Der Hintergrund des Gesprächs ist spätestens bei "Du glaubst doch nicht, daß ich ..." klar. Am Schluß machst du es aber nochmals zusätzlich deutlich, so daß der Leser das Gefühl bekommst, du wolltest dich vergewissern, daß er es gemerkt hat; eins von beiden ist dann zuviel.
Es handelt sich also um zwei Frauen.
Es steckt aber mehr in der kleinen Szene als dieser Aha-Effekt. Du hast das sehr schön beschrieben. Sie sind sicherlich sehr gute Freundinnen; die eine, Lara, spricht mit den Worten einer Liebenden, aber ihre Gefühle sind ihr selbst nicht ganz bewußt. Die andere, Marie, spürt das; reagiert zuerst ablehnend auf die unvermittelt entstandene, unausgesprochene erotische Spannung ("Warum erzählst du mir das?"), aber es läßt ihr dann doch keine Ruhe.

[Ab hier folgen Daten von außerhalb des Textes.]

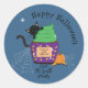Des autocollants bleus mignons avec un chat noir caché derrière un cupcake d'Halloween avec une glace verte. Personnalisez-le avec votre nom. Parfait pour sceller des sacs de faveur à une fête pour enfants. © ArianeC Illustrations-Tous droits réservés
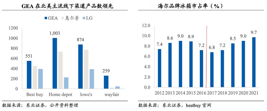 經(jīng)典案例:根據(jù)東北證券、bestbuy官網(wǎng)、公開(kāi)資料等綜合資訊表明,GEA 擁有完善的供應(yīng)鏈網(wǎng)絡(luò),在美國(guó)擁有9 家制造工廠,13 個(gè)分銷中 心及 143 個(gè)區(qū)域貨運(yùn)中心,配送服務(wù)覆蓋全國(guó) 90%地區(qū)。通過(guò)北美家電線上渠道官網(wǎng)如 Bestbuy,Home depot 等我們可以看 到,GEA 產(chǎn)品在北美各大渠道銷售數(shù)量領(lǐng)先。除了傳統(tǒng)大型商超以外,GEA 與 Sears 等全美四大連鎖家電零售商也長(zhǎng)期保持合作關(guān)系。海爾收購(gòu) GEA 后,借用 GEA 的 渠道,逐步推廣海爾品牌的產(chǎn)品,自 2016 年后,海爾品牌的冰箱市場(chǎng)份額實(shí)現(xiàn)了快 速穩(wěn)定增長(zhǎng)。

Letztlich wagt aber keine von beiden, offen darüber zu reden.
Die Szene hätte sich zwischen einem Mann und einer Frau ganz genau so abspielen können, wenn nicht dieser eine Satz zuviel wäre; dadurch reduzierst du den Inhalt unnötig auf die lesbische Komponente.
Laß das hier weg:
"Du denkst doch nicht, dass ich… Marie?"
"Unsinn. Ich sagte doch, vergiss es."
und schreibe dafür oben "Was meinst du, Marie?" - so hast du den Namen und damit das Geschlecht auch drin, führst aber den Leser nicht zu sehr an der Leine.